▸ Dataset extract:
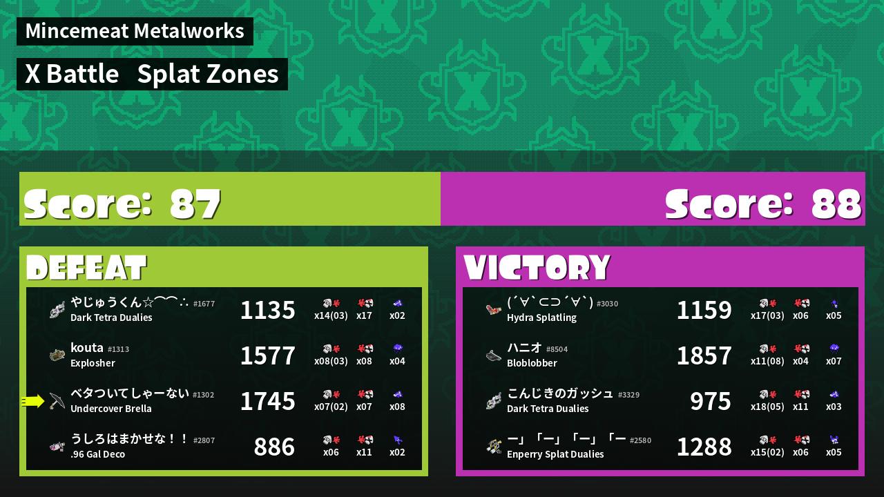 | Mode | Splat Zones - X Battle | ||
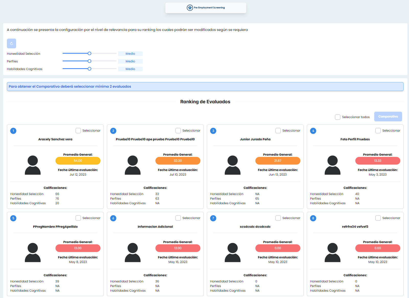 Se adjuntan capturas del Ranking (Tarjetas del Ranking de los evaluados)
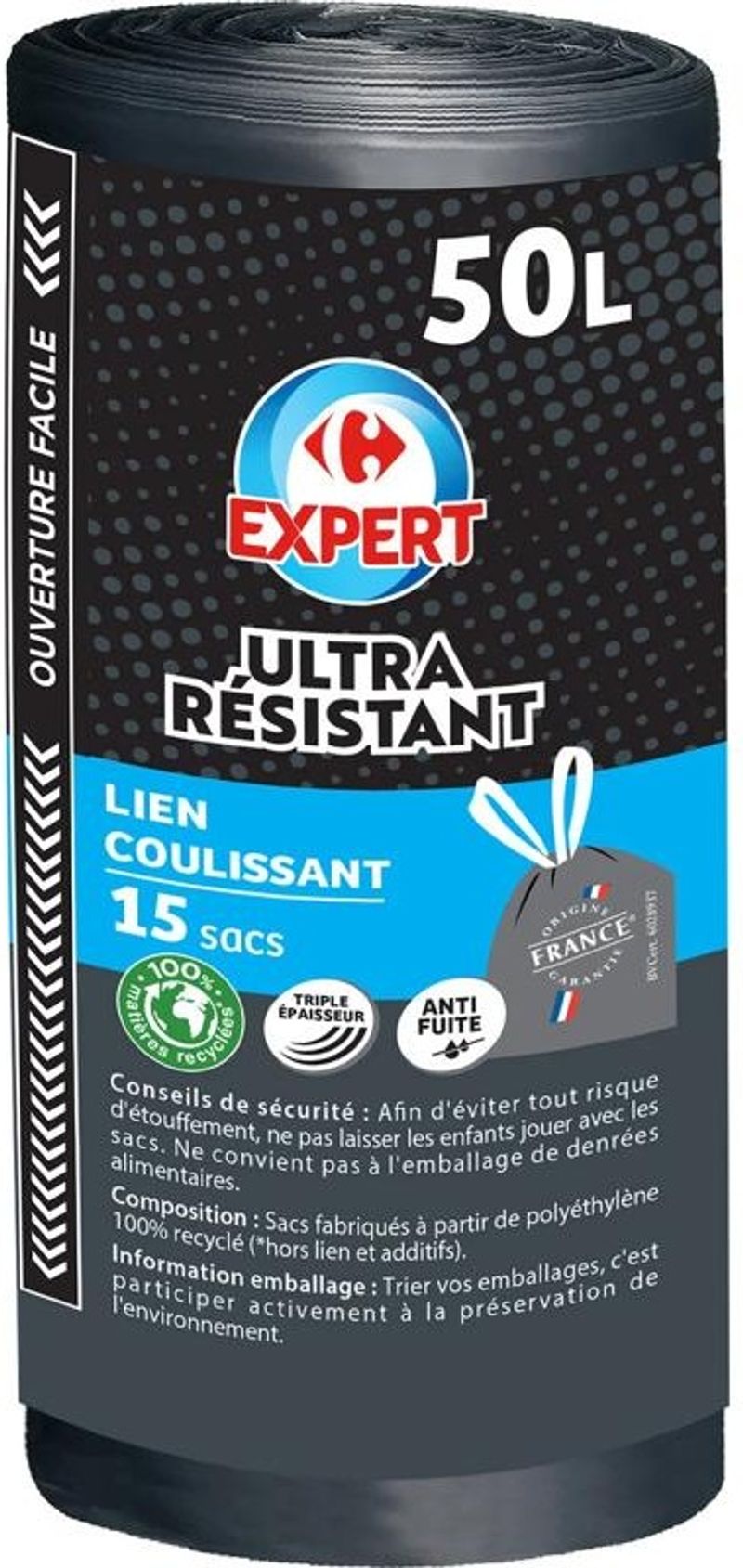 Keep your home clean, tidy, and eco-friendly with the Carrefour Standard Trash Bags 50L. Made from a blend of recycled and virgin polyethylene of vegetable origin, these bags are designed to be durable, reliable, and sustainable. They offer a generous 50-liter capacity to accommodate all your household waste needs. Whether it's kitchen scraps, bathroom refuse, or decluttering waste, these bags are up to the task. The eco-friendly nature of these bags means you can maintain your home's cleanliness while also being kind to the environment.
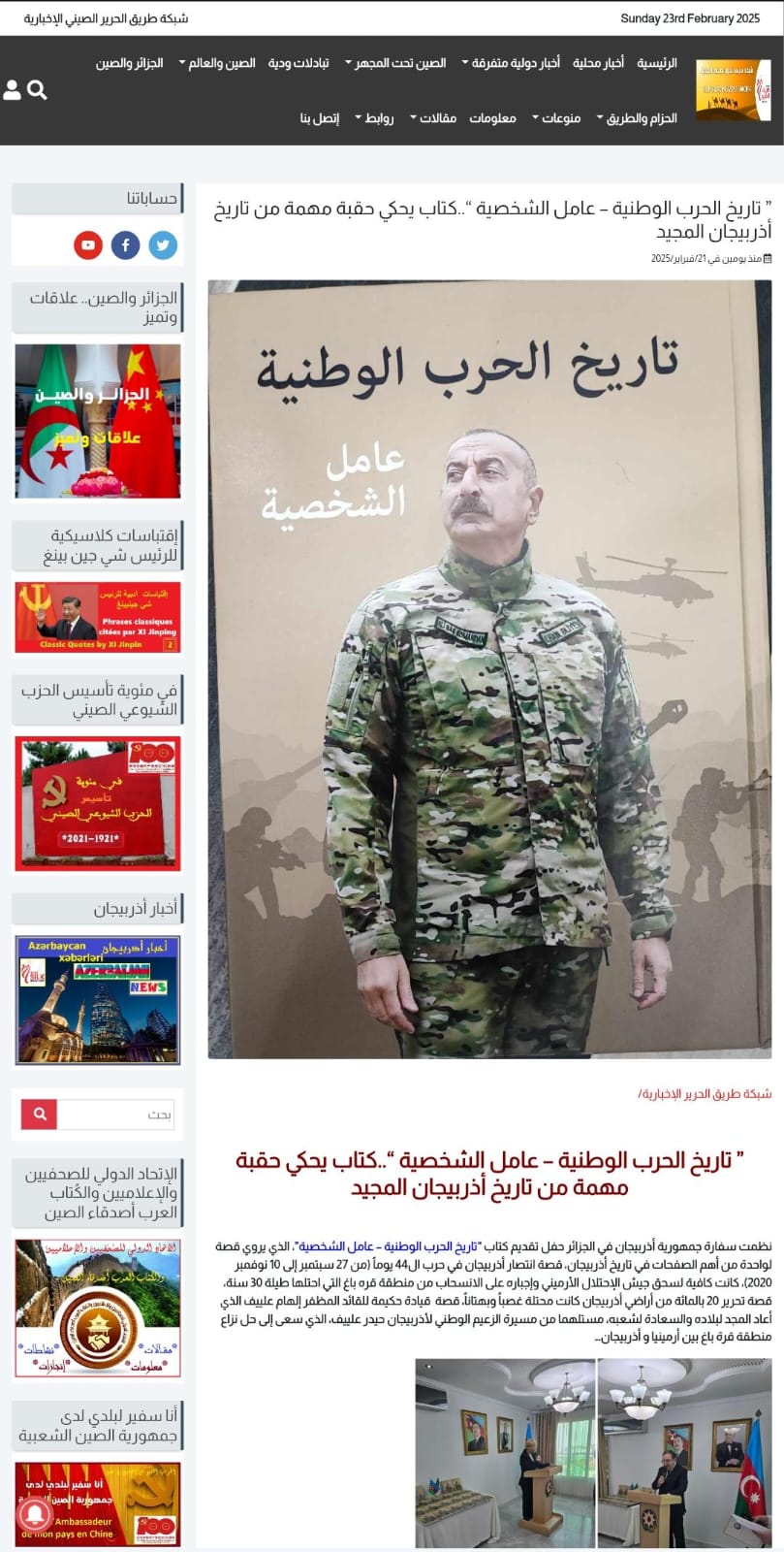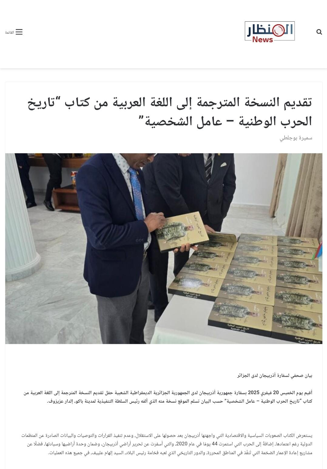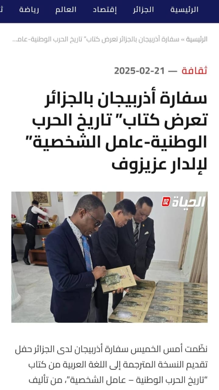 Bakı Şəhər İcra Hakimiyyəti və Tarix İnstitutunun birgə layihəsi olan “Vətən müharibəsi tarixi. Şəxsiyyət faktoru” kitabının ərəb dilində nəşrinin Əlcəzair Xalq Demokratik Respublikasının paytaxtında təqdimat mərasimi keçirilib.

▸ Exercise: Print the material in full and exactly; the pictures must not be printed.

▸ Answer box:
 | Mode | Splat Zones - X Battle | ||
 Se adjuntan capturas del Ranking (Tarjetas del Ranking de los evaluados)
 Keep your home clean, tidy, and eco-friendly with the Carrefour Standard Trash Bags 50L. Made from a blend of recycled and virgin polyethylene of vegetable origin, these bags are designed to be durable, reliable, and sustainable. They offer a generous 50-liter capacity to accommodate all your household waste needs. Whether it's kitchen scraps, bathroom refuse, or decluttering waste, these bags are up to the task. The eco-friendly nature of these bags means you can maintain your home's cleanliness while also being kind to the environment.
 Bakı Şəhər İcra Hakimiyyəti və Tarix İnstitutunun birgə layihəsi olan “Vətən müharibəsi tarixi. Şəxsiyyət faktoru” kitabının ərəb dilində nəşrinin Əlcəzair Xalq Demokratik Respublikasının paytaxtında təqdimat mərasimi keçirilib.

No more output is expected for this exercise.